◆ **PROBLEM REQUIREMENTS**
Every entry is to be returned exactly as it stands; the pictures are to be dropped.

(Stored dataset items)
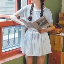 2017夏季新品韩范百搭舒适棉混纺纯色抽绳系带短裤/裤裙休闲女2色
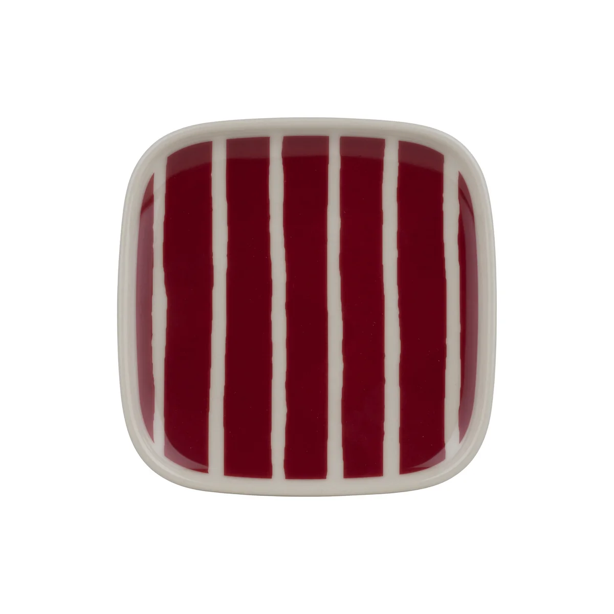 Le motif Piccolo a été créé en 1953 par Vuokko Eskolin-Nurmesniemi et fait partie des motifs à rayures les plus emblématiques de la marque. La forme de l'assiette provient de la série Oiva, conçue par Sami Ruotsalainen.
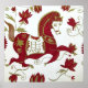 Poster conçu avec mon dessin de l'encre rouge de l'année chinoise du cheval et de la feuille d'or.
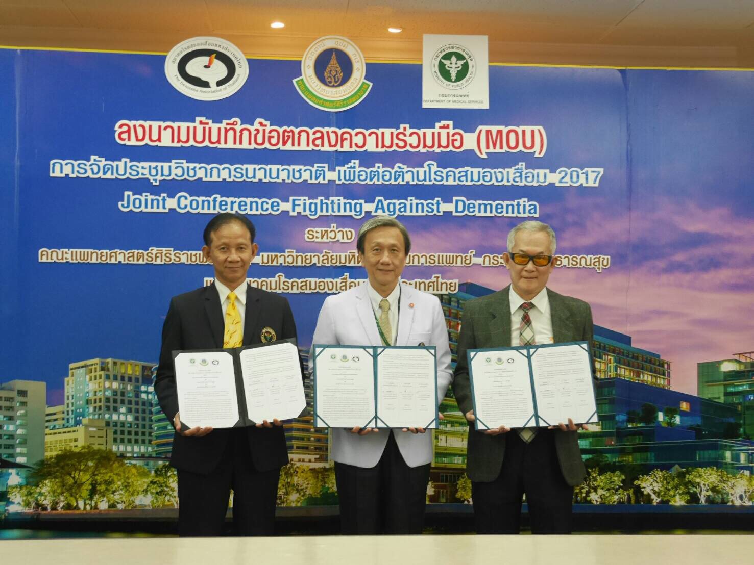 นพ.ประสิทธิ วัฒนาภา คณบดีคณะแพทยศาสตร์ศิริราชพยาบาล พร้อมด้วย นพ.ธีรพล โตพันธานนท์ อธิบดีกรมการแพทย์ และ นพ.ประเสริฐ บุญเกิด นายกสมาคมโรคสมองเสื่อมแห่งประเทศไทย ลงนามความร่วมมือต่อต้านและดูแลผู้ป่วยสมองเสื่อม พร้อมเตรียมพร้อมเป็นเจ้าภาพจัดการประชุมโรคสมองเสื่อมในปี 2017 โดยย้ำว่า โรคสมองเสื่อม มักเกิดและพบมากขึ้นในสังคมผู้สูงอายุ ยิ่งมีประชากรสูงอายุเท่าไหร่ โรคสมองเสื่อมยิ่งพบมากขึ้น ความชุกโรคจากสถิติปี 2558 พบว่า ในประชากรมีผู้ป่วยโรคสมองเสื่อมถึงร้อยละ 3-5 พบมาให้ผู้สูงอายุ 85 ปีขึ้นไป ถึงร้อยละ 30 จึงคาดการณ์ว่าขณะนี้ประเทศไทยมีผู้ป่วยโรคสมองเสื่อมมากถึง 600,000 คน และคาดว่าในปี 2573 จะมีผู้ป่วยโรคสมองมากขึ้นอีกร้อยละ 20 หรือมีประชากรป่วยมากถึง1,100,000 คน
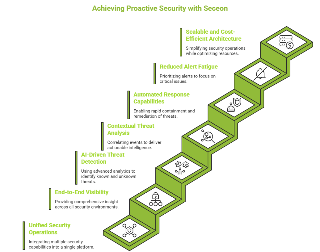 By combining these capabilities into a unified platform, Seceon helps organizations transition from reactive security to a more proactive and resilient approach.
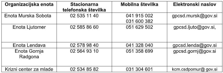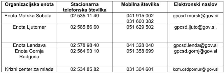 Vse uporabnike naprošajo, da CSD obiščete samo v nujnih primerih. V okvir nujnih nalog spadajo ukrepi za varstvo koristi otrok po Družinskem zakoniku, neodložljive naloge po Zakonu o preprečevanju nasilja v družini ter ostale naloge, kjer je nujna takojšnja zaščita osebe.

◆ **EXERCISE RESPONSE**
 2017夏季新品韩范百搭舒适棉混纺纯色抽绳系带短裤/裤裙休闲女2色
 Le motif Piccolo a été créé en 1953 par Vuokko Eskolin-Nurmesniemi et fait partie des motifs à rayures les plus emblématiques de la marque. La forme de l'assiette provient de la série Oiva, conçue par Sami Ruotsalainen.
 Poster conçu avec mon dessin de l'encre rouge de l'année chinoise du cheval et de la feuille d'or.
 นพ.ประสิทธิ วัฒนาภา คณบดีคณะแพทยศาสตร์ศิริราชพยาบาล พร้อมด้วย นพ.ธีรพล โตพันธานนท์ อธิบดีกรมการแพทย์ และ นพ.ประเสริฐ บุญเกิด นายกสมาคมโรคสมองเสื่อมแห่งประเทศไทย ลงนามความร่วมมือต่อต้านและดูแลผู้ป่วยสมองเสื่อม พร้อมเตรียมพร้อมเป็นเจ้าภาพจัดการประชุมโรคสมองเสื่อมในปี 2017 โดยย้ำว่า โรคสมองเสื่อม มักเกิดและพบมากขึ้นในสังคมผู้สูงอายุ ยิ่งมีประชากรสูงอายุเท่าไหร่ โรคสมองเสื่อมยิ่งพบมากขึ้น ความชุกโรคจากสถิติปี 2558 พบว่า ในประชากรมีผู้ป่วยโรคสมองเสื่อมถึงร้อยละ 3-5 พบมาให้ผู้สูงอายุ 85 ปีขึ้นไป ถึงร้อยละ 30 จึงคาดการณ์ว่าขณะนี้ประเทศไทยมีผู้ป่วยโรคสมองเสื่อมมากถึง 600,000 คน และคาดว่าในปี 2573 จะมีผู้ป่วยโรคสมองมากขึ้นอีกร้อยละ 20 หรือมีประชากรป่วยมากถึง1,100,000 คน
 By combining these capabilities into a unified platform, Seceon helps organizations transition from reactive security to a more proactive and resilient approach.
 Vse uporabnike naprošajo, da CSD obiščete samo v nujnih primerih. V okvir nujnih nalog spadajo ukrepi za varstvo koristi otrok po Družinskem zakoniku, neodložljive naloge po Zakonu o preprečevanju nasilja v družini ter ostale naloge, kjer je nujna takojšnja zaščita osebe.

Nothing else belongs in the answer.